Heh.  When I worked for a small banking software firm, this was one
of our favorite replies.  Our customer support people, as they were,
coddled the customer till us techies could come up with an answer.
Luckily, we had written the the code in such a hurry, and so loosely,
that we could either convince the user that it was: really a feature;
unimportant, and wouldn't affect the rest of the program; that we could
ship a patched version that afternoon (this was true most of the time[1]);
or that it was EDS's fault :-).  (Apologies to EDS employees, but hey...)

[1]:  Our program specs changed on a daily basis.  Our product, its
user interface, and large parts of the program were subject to change
w/o any real notice to the *programmers*.  The president would get
a "brain fart" and tell us how we were supposed to do it now, and it
had to be ready by tomorrow, because he'd already sold two.  %90 of
the time, he hadn't sold any, and he'd change his mind next week... :-)

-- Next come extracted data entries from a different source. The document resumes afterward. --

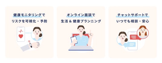 MamaWellでは、ウェアラブルデバイスを用いて心拍数や活動量などのバイタルデータを収集し、妊婦の健康状態をモニタリングします。収集されたデータをもとに、パーソナル助産師が個別に最適化された健康管理プランを提供し、妊娠合併症のリスク低減を目指します。チャットサポートによる相談は24時間対応で、妊娠中に直面する体調の変化や不安に寄り添います。助産師とのオンライン面談は、妊婦だけでなくパートナーも参加することを推奨しています。出産前から妊婦とパートナーが双方の感情を共有し、役割を理解することで、産後のスムーズな共同育児への移行を目指します。
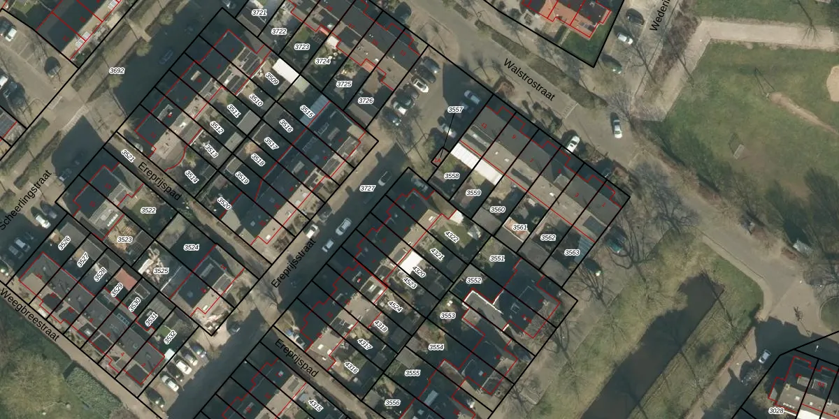 Gebruik de zoekbalk of klik op een perceel voor informatie over de adressen binnen dit perceel.
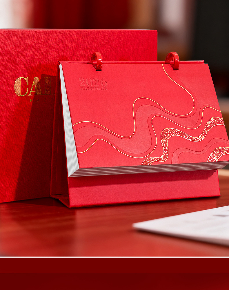 创意皮质2026台历桌面日历摆件吗年皮质工作简约记事礼盒套装月历
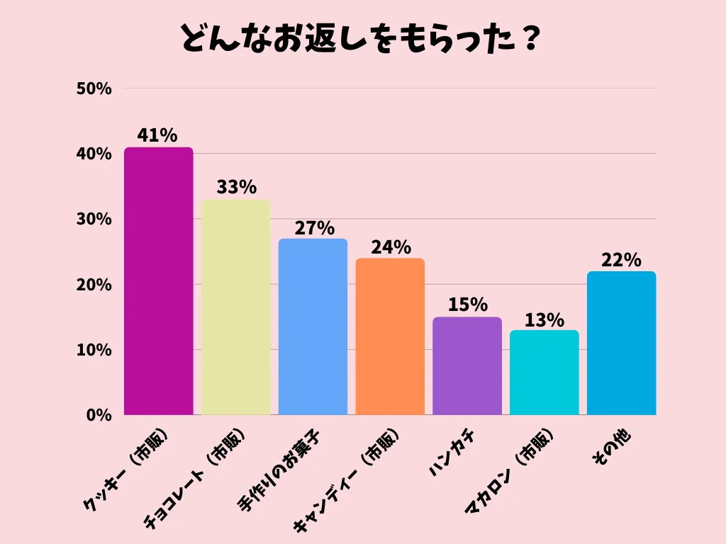 お返しは市販のクッキーチョコレートが中心でした。「その他」では、文房具という回答が多く、ハンカチなどとあわせて実用的なアイテムも挙がりました。相手に気を遣わせすぎない、ちょうどいい距離感のお返しが選ばれている印象です。

> Responsible software organizations do NOT install "quick fixes" in
> existing systems (except in extreme emergencies), but rather analyze
> the problem, design an integrated solution, assign competent staff
> to implement the solution, merge it into the product, thoroughly test
> not only the problem area but also the rest of the product operation,
> update documentation as required, run the result through QA to the
> distribution department.  Naturally this expensive process cannot be

HAHAHAHAHAHAHA... I guess that makes only really increadibly huge
companies "responsible software organizations"..  I've never understood
how smaller companies could do the full QC required by common sense.
Maybe someone could write an AI system to beta-test software/make it
crash.  Our pres would tell us to do it the above way, with
"rethinking the solution as to benefit the product as a whole", and to
"fully test our fix before submitting the fixed product to QC".  Then
he'd tell us to have it done in 3 days.... :-)

Moral:  If you don't have a degree, go to work for a screwy little company
with only a small chance of success.  You'll get to bunches of different
neat things, write bunches of code (sometimes over and over again :-(,
and then hang around for the slow death of the company while making
a tidy sum to write the ultimate c-tree while they think you're
writing the code you did last week...
-- 
                                Know Future

J. Eric Townsend ->uunet!nuchat!flatline!erict smail:511Parker#2,Hstn,Tx,77007
             ..!bellcore!tness1!/

gwyn@brl-smoke.ARPA (Doug Gwyn ) (06/07/88)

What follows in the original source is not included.